|
|
 |
|
|
Ann. Geophys., 26, 1617-1639, 2008
www.ann-geophys.net/26/1617/2008/
© European Geosciences Union 2008
A physical mechanism producing suprathermal populations and initiating substorms in the Earth's magnetotail
D. V. Sarafopoulos
Department of Electrical and Computer Engineering, Democritus University of Thrace, Xanthi, Greece
Abstract. We suggest a candidate physical mechanism, combining there dimensional
structure and temporal development, which is potentially able to produce
suprathermal populations and cross-tail current disruptions in the Earth's
plasma sheet. At the core of the proposed process is the "akis" structure;
in a thin current sheet (TCS) the stretched (tail-like)
magnetic field lines locally terminate into a sharp tip around the tail
midplane. At this sharp tip of the TCS, ions become non-adiabatic, while a
percentage of electrons are accumulated and trapped: The strong and
transient electrostatic electric fields established along the
magnetic field lines produce suprathermal populations. In
parallel, the tip structure is associated with field aligned and mutually
attracted parallel filamentary currents which progressively become more
intense and inevitably the structure collapses, and so does the local TCS.
The mechanism is observationally based on elementary, almost autonomous and
spatiotemporal entities that correspond each to a local
thinning/dipolarization pair having duration of ~1 min.
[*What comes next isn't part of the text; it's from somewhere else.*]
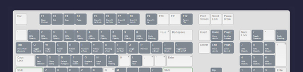 Если вы обнаружите, что текст на виртуальной клавиатуре сложно читать, не проблема, просто наведите курсор на любую клавишу. Название команды или инструмента, за вызов которых отвечает горячая клавиша, при наведении курсора отобразится крупным шрифтом ниже виртуальной клавиатуры.

Energetic proton and electron populations do not occur
simultaneously, and we infer that they are separately accelerated at local
thinnings and dipolarizations, respectively. In one example energetic
particles are accelerated without any dB/dt variation and before the
substorm expansion phase onset. A particular effort is undertaken
demonstrating that the proposed acceleration mechanism may explain
the plasma sheet ratio Ti/Te≈7. All
our inferences are checked by the highest resolution datasets obtained by
the Geotail Energetic Particles and Ion Composition (EPIC)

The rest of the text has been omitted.